The winner of the 2010 USGA Senior Women’s Amateur, Mina is also a two-time USGA championship finalist and has appeared in dozens of national championships, including six U.S. Women’s Opens.
The 2012 USGA Senior Amateur is Gary’s 11th USGA championship since his amateur status was reinstated in 1994.
"Golf is what we do," said Gary, 64, who shot six-over 148 in stroke-play qualifying at Mountain Ridge Country Club to qualify for match play. "We spend six months out in the desert and six months in Texas and we play a lot of golf. We probably play five days a week."
When they don’t have a tee time lined up, the Hardins enjoy hiking, mountain climbing and going to the movies.
Gary and Mina, 52, who have been married for 30 years, have a healthy competitive streak.
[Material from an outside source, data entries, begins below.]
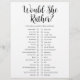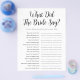 Den här eleganten, den moderna HBT-högkvarteret, vad sa Bride? Och skulle hon hellre? Möhippans spelsida är både trendig och chic. Det är en enkel, minimal utformning som är perfekt för alla stil bröllop. Med två spel för att spela kommer det att öka din eller din älskade möhippas upphetsning och roligt. Gästerna kommer att tycka om att försöka besvara alla frågor om de brider som ska finnas. Det finns nog många skratt när svaren ges. Om du vill anpassa väljer du "Anpassa den här mallen" och skriver där så är markerat i namn och initialer på briderna. Det är lätt toppen!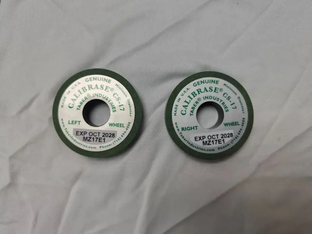 在正式开始对测试前,注意要看一下砂轮(型号需为CS-17)是否在使用期限内且尺寸在以及砂轮左右是否安装正确;确认无误后使用S-11砂纸对砂轮进行修整(每10000转需进行一次修整),修整完成后将试样安装在耐磨机上,固定好真空吸嘴(吸嘴需在试样上方3mm±1mm)并保证吸嘴的吸力在13.7kPa以上,然后让砂轮在膜层上以每分钟70转(RPM)的速度旋转10000次。旋转完成后将试样表面清洁干净并称重。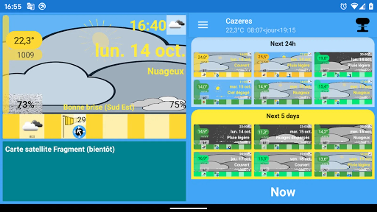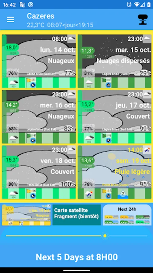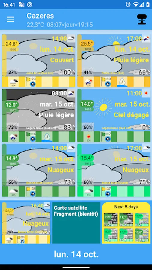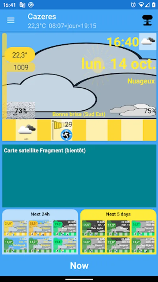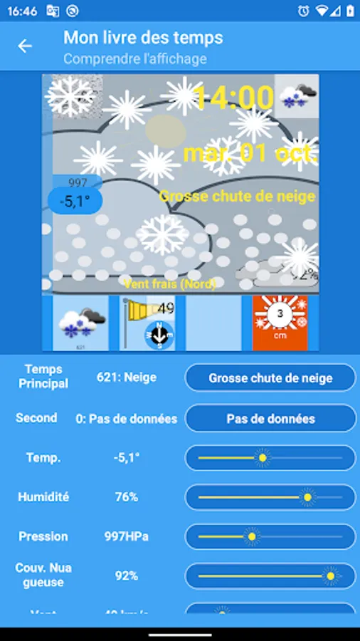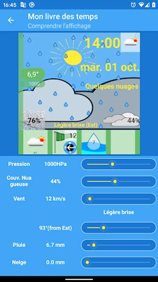 The first objective is to obtain a new way of describing meteorology. There are no longer temperature graphs but an image that represents the weather. This image is updated according to the weather: Temperature, cloud cover, rain, snow, winds. You understand intuitively.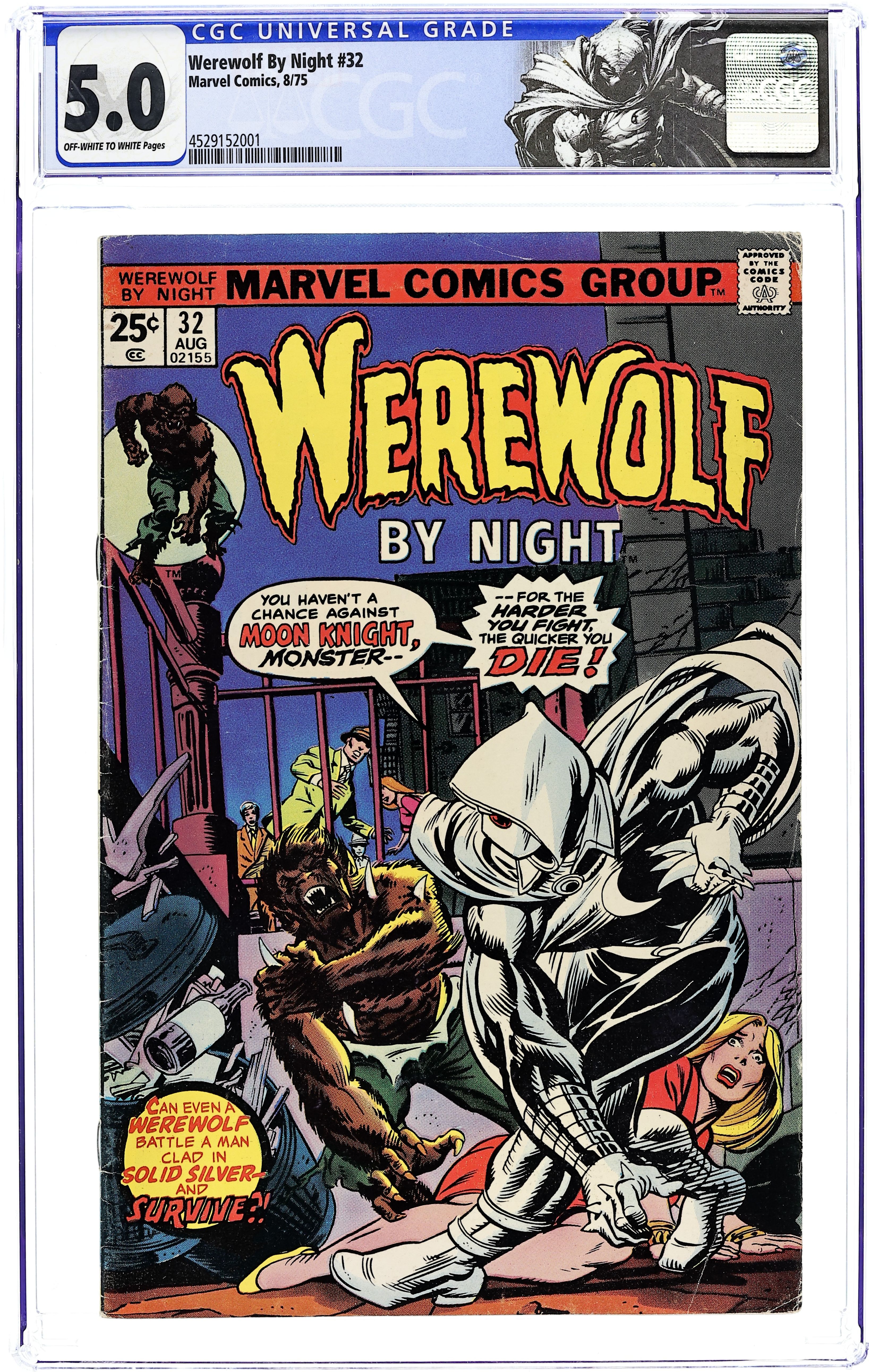 "The stalker called Moon Knight!" Written by Doug Moench. Art by Don Perlin. Cover by Gil Kane. Just as Jack Russell plunges into the horror of killing his best friend, the second night strikes and with it comes the stalker called MOON KNIGHT! 32 pages, FC. NOTE: 1st appearance of Moon Knight. Cover price $0.25.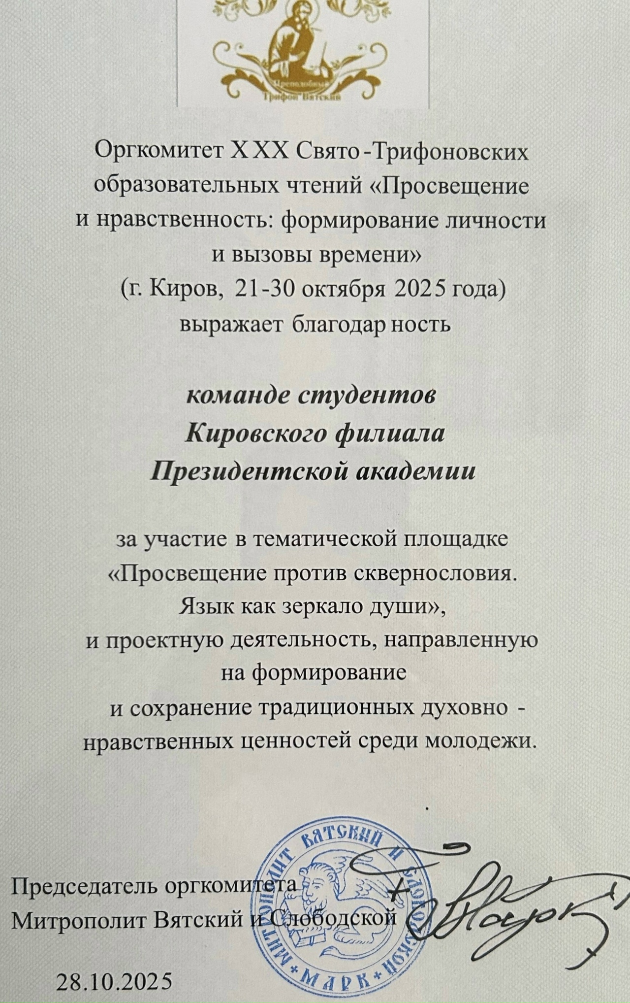 28 октября команда студентов Кировского филиала Президентской академии РАНХиГС (группы Ю-ДО-24, ГМУ-ДО-24, Э-ДО-24) приняли активное участие в тематической площадке «Просвещение против сквернословия. Язык как зеркало души».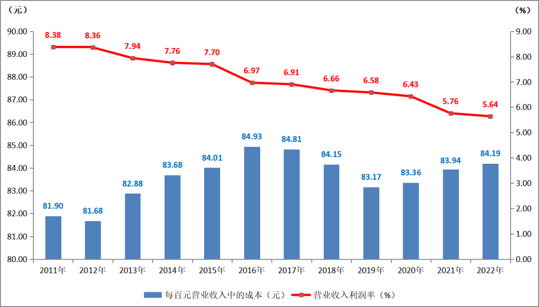 2022年,印刷業(yè)每百元營(yíng)業(yè)收入中的成本為84.19元,低于全部工業(yè)84.72元的平均水平。這一數(shù)字,相比上年的83.94元,有所提升。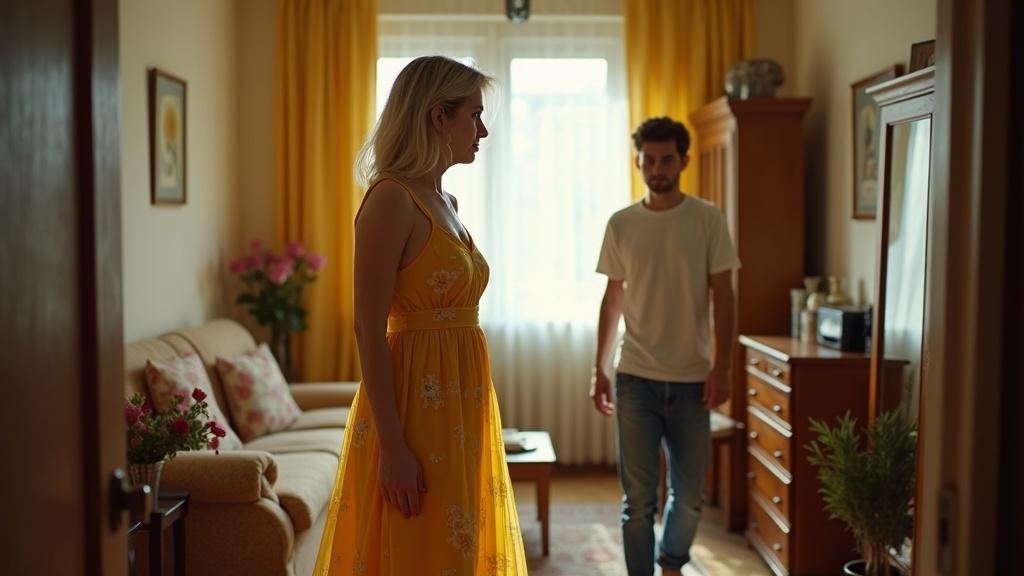 Завтра Богдан женится. Мария стояла перед зеркалом и примеряла новое платье: ярко-жёлтое, с широкой юбкой в цветочек и открытыми плечами. Олег похвалил наряд — и Мария снова убедилась: платье действительно эффектное.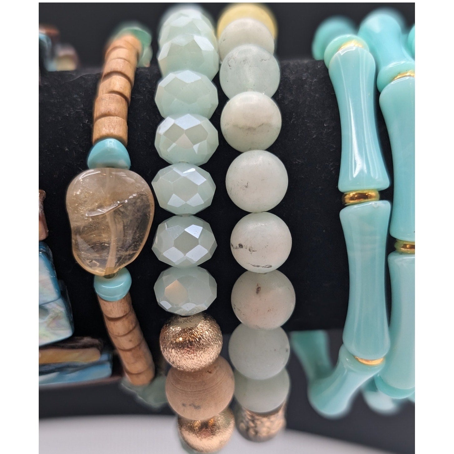 Lot of Ten Aqua Gold Tone Bracelets. Pre-owned, this lot of bracelets is in various conditions and being sold as is (all wearable to excellent). The items chosen for my lots are items I previously had set aside to sell but decided to lot up due to a high volume of inventory. Because they are lotted up and at a reduced price, I have not taken the time to clean them or closely inspect them.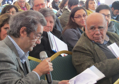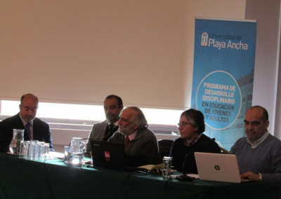 Tras la presentación anterior, y con la moderación del profesor Freddy Reinoso Montenegro (UPLA), se dio inicio a la primera mesa, la que comenzó con la ponencia llamada «Esbozo metodológico de la formación de los educadores de la EPJA”, a cargo del académico de la Universidad de La Frontera, Guillermo Williamson. Le siguió la Jefa del Programa de Nivelación de Estudios de la Universidad Católica Silva Henríquez, Judith Reyes, , con su trabajo titulado “El lugar de la comunidad en la EPJA”. Tras ella, se presentó la exposición “Interculturalidad y mediación intercultural en la formación inicial docente”, del académico de la UPLA Luis Manzo Gauquil. Como corolario, se expuso la investigación-acción que lleva adelante el CEIA Quilpué, que forma parte de los talleres de “Metodología de la Investigación Educativa» impartidos desde las SECREDUC-V a centros de educación de adultos de la región, investigación rotulada como “Una descripción del perfil del docente EPJA: la realidad del CEIA de Quilpué”, presentada por su director, Gastón Veas García.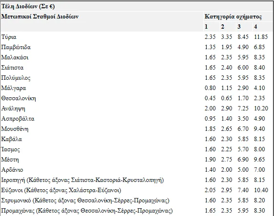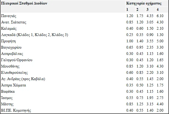 Οι τιμές ανά μετωπικό και πλευρικό σταθμό διοδίων

At Mountain Ridge, Gary is gunning to surpass the performance of his wife, who advanced to the second round of the 2012 USGA Senior Women’s Amateur.
"She doesn’t like to get beat by anybody, so it doesn’t matter – husband, friend, anybody," said Gary. "She’s very competitive and deep down, I am too."
When not playing together, the Hardins are supportive of each other’s play.
"Mina’s waiting by the phone right now for the results," said Gary after his round of his wife, who was tracking his scores on www.usga.org. "She’ll be sweating [because of] my 39 on the front nine."